Supplied information -
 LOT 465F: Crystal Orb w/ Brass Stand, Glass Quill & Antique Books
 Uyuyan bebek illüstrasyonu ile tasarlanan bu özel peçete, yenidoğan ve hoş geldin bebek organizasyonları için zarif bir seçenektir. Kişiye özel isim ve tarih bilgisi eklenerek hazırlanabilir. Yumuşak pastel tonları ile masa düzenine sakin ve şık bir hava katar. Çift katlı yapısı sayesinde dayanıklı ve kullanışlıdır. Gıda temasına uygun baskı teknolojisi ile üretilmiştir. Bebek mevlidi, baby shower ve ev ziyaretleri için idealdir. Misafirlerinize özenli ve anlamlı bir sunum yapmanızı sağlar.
--
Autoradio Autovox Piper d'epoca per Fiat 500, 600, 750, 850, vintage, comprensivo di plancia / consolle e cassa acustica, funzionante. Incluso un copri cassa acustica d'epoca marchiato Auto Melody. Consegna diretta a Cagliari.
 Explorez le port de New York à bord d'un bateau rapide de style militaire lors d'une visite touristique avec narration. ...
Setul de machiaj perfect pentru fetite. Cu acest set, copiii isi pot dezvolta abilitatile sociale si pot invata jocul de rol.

Task details - Give only the lines from the one holding "LOT 465F: Crystal" through the one holding "Uyuyan bebek illüstrasyonu", each restated exactly as it appears above.

Result below -
 LOT 465F: Crystal Orb w/ Brass Stand, Glass Quill & Antique Books
 Uyuyan bebek illüstrasyonu ile tasarlanan bu özel peçete, yenidoğan ve hoş geldin bebek organizasyonları için zarif bir seçenektir. Kişiye özel isim ve tarih bilgisi eklenerek hazırlanabilir. Yumuşak pastel tonları ile masa düzenine sakin ve şık bir hava katar. Çift katlı yapısı sayesinde dayanıklı ve kullanışlıdır. Gıda temasına uygun baskı teknolojisi ile üretilmiştir. Bebek mevlidi, baby shower ve ev ziyaretleri için idealdir. Misafirlerinize özenli ve anlamlı bir sunum yapmanızı sağlar.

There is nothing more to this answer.